On the applications in this chapter
- Chemical reaction balancing as a null space (Case Study 1). Any introductory chemistry text covers balancing by inspection; for the linear-algebra treatment, search for "balancing chemical equations with linear algebra" or see the stoichiometry sections of a chemical-engineering text. The generalization to reaction networks — where $\dim N(S)$ counts independent reactions — is the subject of chemical reaction network theory and of flux-balance analysis in systems biology, both of which analyze the null space of a (large) stoichiometric matrix. Conservation laws as null-space rows recur in physics; for nuclear-decay balancing the same idea applies to baryon/lepton number and charge.
- Reachability and controllability (Case Study 2). The column-space-of-the-controllability-matrix story is standard in any first control-theory course; look for the Kalman rank condition and the controllability matrix $\mathcal{C} = [\,B\ AB\ \cdots\ A^{n-1}B\,]$. The Cayley–Hamilton fact that powers beyond $A^{n-1}B$ add nothing is proved via the characteristic polynomial of Chapter 24 [verify]. The dual notion, observability (which states can be inferred from outputs), is the same idea applied to the transpose system — a left-null-space / row-space story you will be equipped to read after Chapter 14.

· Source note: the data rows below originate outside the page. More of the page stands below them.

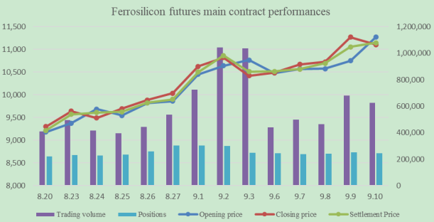 The tone of steel bidding in September was established last Friday with the bidding price of HBIS Group at 10700 yuan per ton, which increased 1500 yuan per ton and the volume at 2735 tons. The bidding of steel mills was coming to an end this week, and the ferrosilicon spot market continued to operate at a high level, although the range of increase has slowed down. The manufacturer's sales were good, and the market inventory was not much. After a short fall, the futures hit a new high, breaking through 11000 yuan per ton (the highest price was up to 11346 yuan per ton), a new high since the listing of ferrosilicon futures. In addition to the support of production raw material cost, the market mentality was good, and the wait-and-see mood was also strong - on the one hand, there were negative factors such as the production of new arc furnaces in Ningxia and Qinghai, and the strict implementation of production restriction in downstream steel mills. On the other hand, there were continuous news of cut production and power restriction in main production areas. Generally speaking, it's expected that the domestic ferrosilicon market would be easy to rise but difficult to fall in the short term. Wait for the news to become clearer.
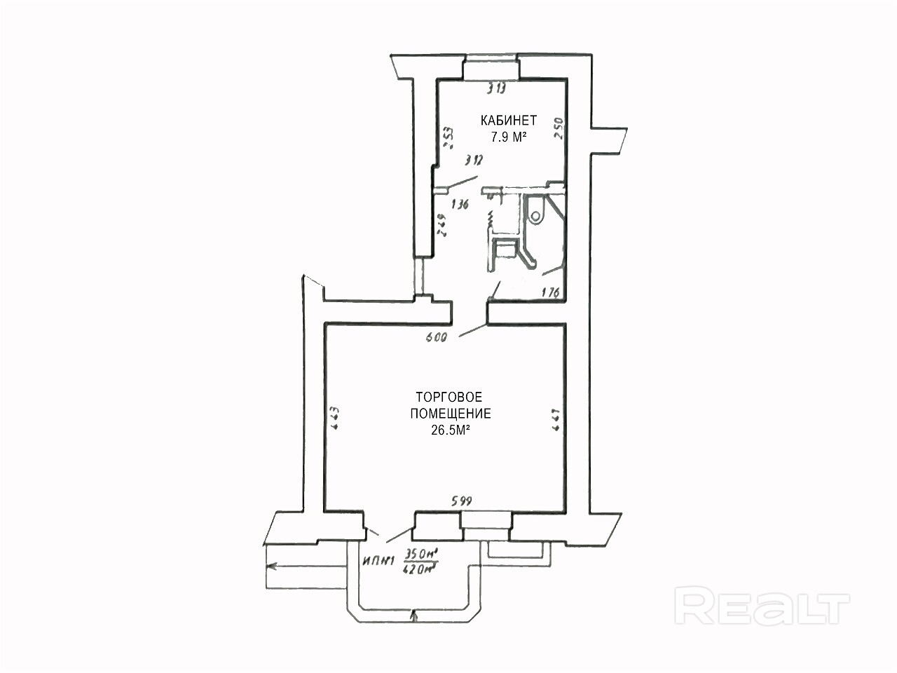 Помещение состоит из двух комнат, коридора, небольшого подсобного помещения и санзула.
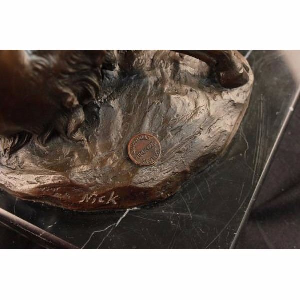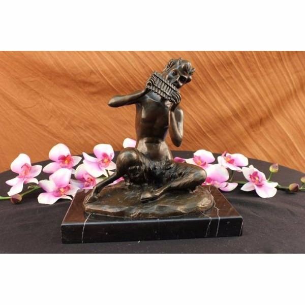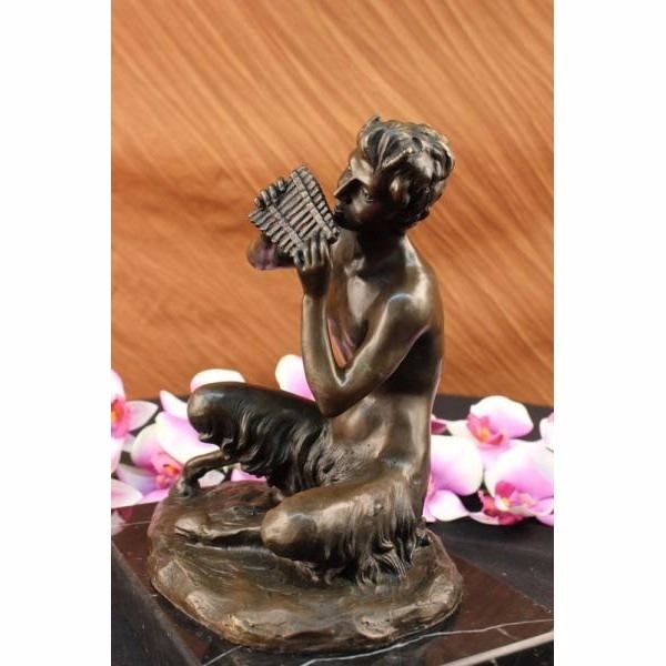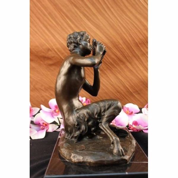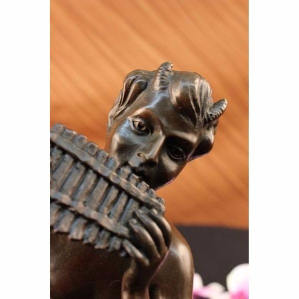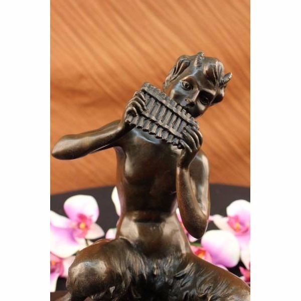 This sculpture of a satyr sitting down as he plays a set of flute pipes is astonishing. He is entertain and completely focus on playing all his notes right. He is normal from torso up, this half human half goat enjoys a nice summer day under a tree in the woods. Letting the music sounds fill his ears with symphony. This heavy sculpture is made from solid bronze and was casted using the "Lost Wax Method". It has a brown patina and is mounted atop of a rectangle black marble base and is signed by artist Nick. Condition: This sculpture is in a perfect condition. Bronze Dimensions with Marble Base:Height 11" x Width 9 1/2" Marble Dimensions: 6" x 9 1/2" Height without base: 10" Weight : 15LBS Inventory : 27RL0476372
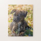 A brindle coloured puppy lays on the cool spring ground with a wild onion between its front paws. If you love puppies, our "Brindle Puppy and Wild Onion Jigsaw Puzzle" is for you. Frame your completed puzzle and hang it on the wall. Order yours today!
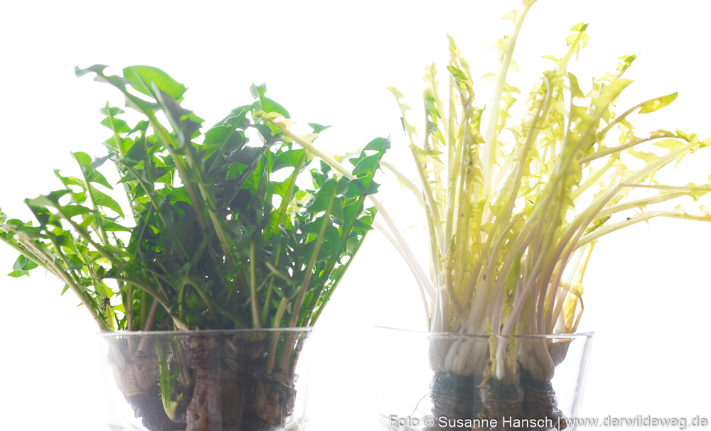 Aus den geernteten Wurzeln lässt sich den ganzen Winter über frisches Grün treiben. Man muss die Wurzeln nur in Wasser oder feuchten Sand stellen und warten – die grünen Blättchen treiben zuverlässig aus. Möchte man keine bitteren dunkelgrünen Blätter kann man ein Gefäß über die Wurzel stülpen oder sie im Dunklen treiben lassen. dann werden die Blättchen zart gelb, wie wir es vom Chicoree kennen, und schmecken milder. Mehr gesunde Inhaltsstoffe aber haben die dunkleren Blätter.
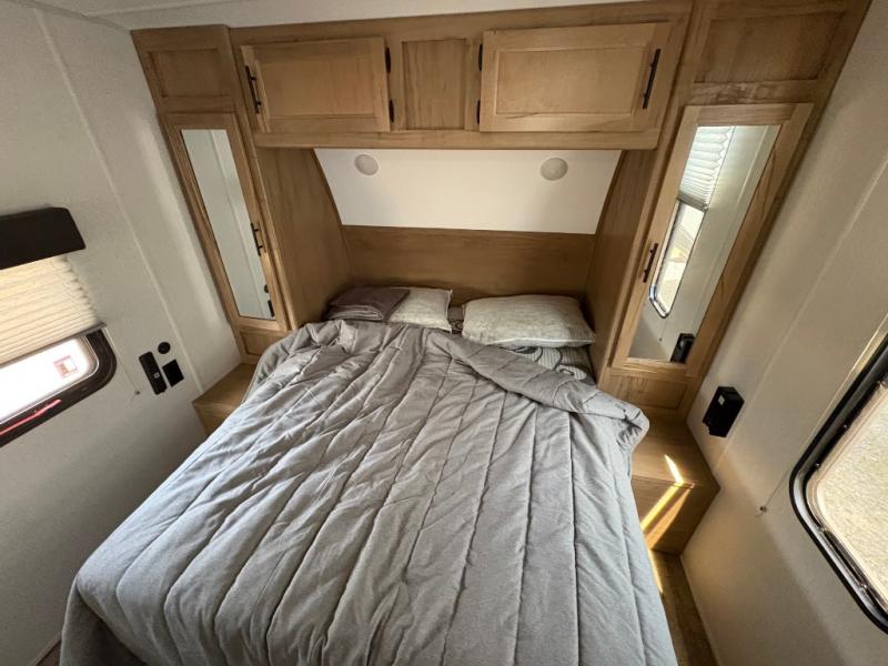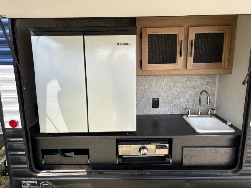 Your larger family will love spending weekends away with this Cherokee Grey Wolf travel trailer as their home away from home. This model offers lots of sleeping space with three bunk beds in the rear private bunkhouse. In the front, there is a master suite with a wardrobe beside RV king bed, and it even has private access to the dual-entry bath. The two entry doors will make accessing the trailer easy for everyone, and you will appreciate the abundant storage throughout this unit including large overhead cabinets, a spacious pantry, and numerous outside storage compartments for all of your outdoor gear. There's even an outside bar & grill!

- Feature spaces and redundancy (the ML thread). The column-space-as-feature-space framing, and the way redundant features land in the null space, is the entry point to feature spaces in machine learning; the broader goal of finding a small column space that captures most of a dataset is dimensionality reduction, made precise by the SVD of Chapter 30. For the statistical face of a nontrivial null space — collinear predictors — see any regression text's treatment of multicollinearity, and Chapter 38's discussion of the condition number.
A note on where this is going
The column space and null space are half of a single structure. The most important next reading is Strang §3.5 and §4.1, which complete the four-fundamental-subspaces picture (adding the row space $C(A^{\mathsf{T}})$ and the left null space $N(A^{\mathsf{T}})$) and state the rank–nullity theorem — Chapter 14 of this book. If you want the abstract version first, Axler §3B proves the Fundamental Theorem of Linear Maps directly. And if you want to see why the four subspaces pair up at right angles — the deepest payoff of all — skim ahead to the orthogonality of Part IV and the four-subspaces-via-SVD picture of Chapter 30. Strang's recurring diagram, which you met here in its two-subspace form, is the single image worth carrying through the rest of the book.